Monday, June 6, 2011

A Better Prisoner's Dilemma Simulation?

In my previous post I had started work on a python program named generations to try to replicate the simulations of Robert Axelrod in comparing differing Prisoner's Dilemma strategies. At the time I was simulating single organisms ('Critters') with different strategies accumulating food over a number of iterations with the critter with highest food at the end of the iterations judged the winner.

The result of this simple simulation was that two strategies - Grudger and Tit-for-tat - were continually vying for the top spot, with Grudger taking the mantle more often than not. In Axelrod's tournament Tit-for-Tat was the unambiguous winner, so I knew my generations script needed some work.

(Read my previous post for an introduction to Prisoner's Dilemma, why it interests me and what the various strategies were.)

I've been developing the simulation since. Technically it is a bit of a mess, but when I next refactor I will be focusing on new parts of the model aside from PD and so I wanted to deliver this conclusion to Prisoner's Dilemma now.

In this post I want to talk about how I changed the simulation and what effect these changes had.
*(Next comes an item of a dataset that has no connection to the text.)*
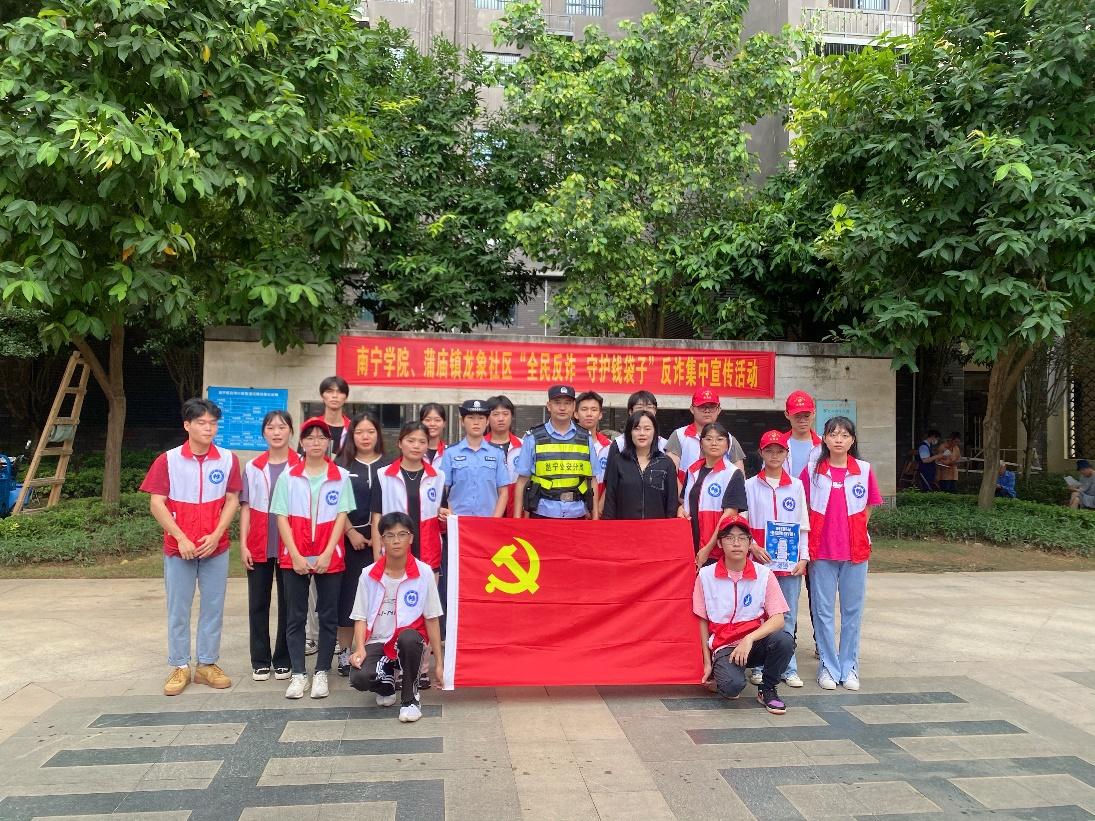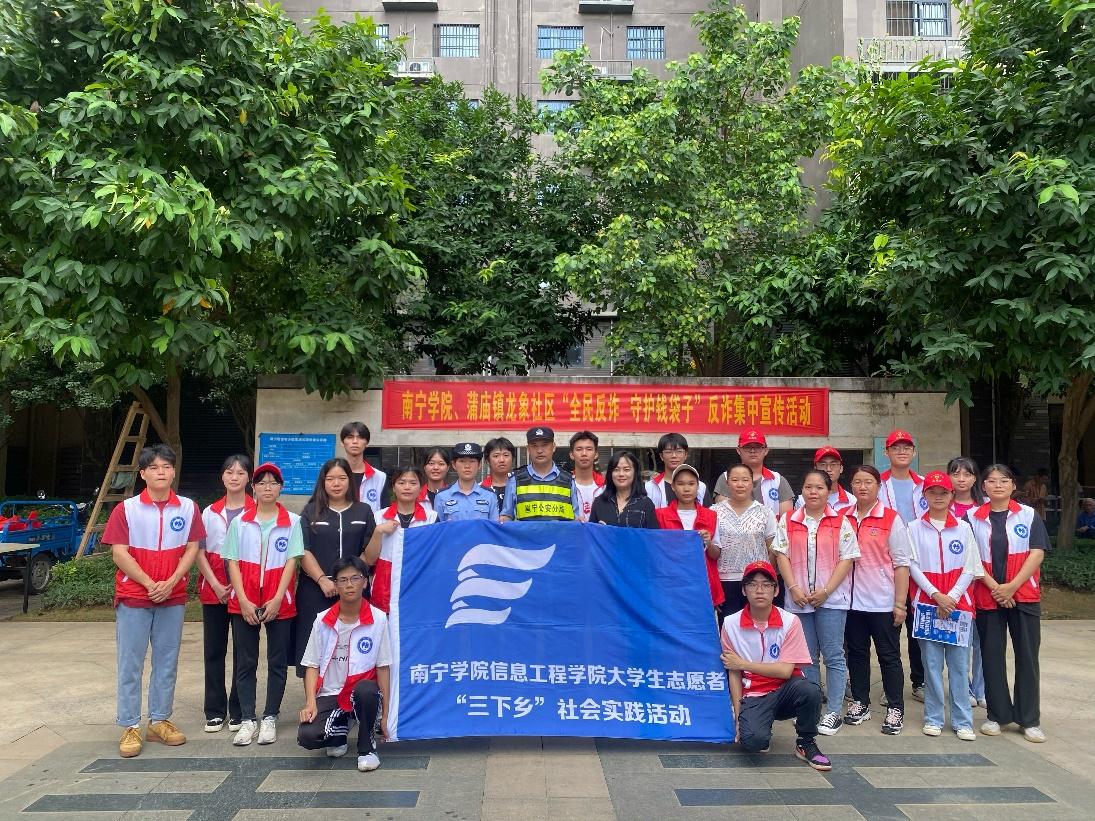 反诈实践团与南宁市公安局邕宁分局警官、龙象社区党群服务中心工作人员合影

For the impatient - yes I have managed to tweak the simulation such that Tit-for-tat is the unambigously best strategy. Many critters had to die to make it so...

 Go forth and multiply

In beginning my simulation only ran the same 5 organisms against each other, with each accumulating food indefinitely but at different rates as their strategies proved more or less successful. I specifically wanted to uncover how differing frequencies of strategies influenced the success of themselves or others, so I had to break free of this fixed model.

To this end I introduced reproduction into the simulation, and turned the simulation into one focused on measuring accumulated food to measuring reproductive success. My process for controlling reproduction was simple: When a critter accumulated enough food to pay an arbitrary cost of reproduction, another critter of the same strategy was created, and the cost deducted from the parent.

This change meant that any critter would eventually reproduce - and reproduce multiple times - if it was even marginally successful. More successful strategies would accumulate food faster and thus reproduce faster. Since the offspring could eventually reproduce, this change let to an exploding growth in the populations being tracked.

At the end of the simulation I could now see the success of the strategies: A count of the number of individuals with each strategy and their combined amount of food (which would become an increasingly irrelevant metric).

Adding reproduction and the resulting exploding population immediately pointed out the computational unfeasibility of running the simulation over a large number of iterations in its current form. Each additional critter had to interact with every other which form an exponentially growing computational task. Iteration after iteration, the simulation slowed down.

The results at this stage were unsatisfactory. Over the iteration counts I was prepared to run the simulation for, huge variations were seen from execution to execution. In some executions the Grudgers became the most prolific. In others it was Tit-for-tat. The random, cheater and sucker strategies were competitive on some runs, but not in others.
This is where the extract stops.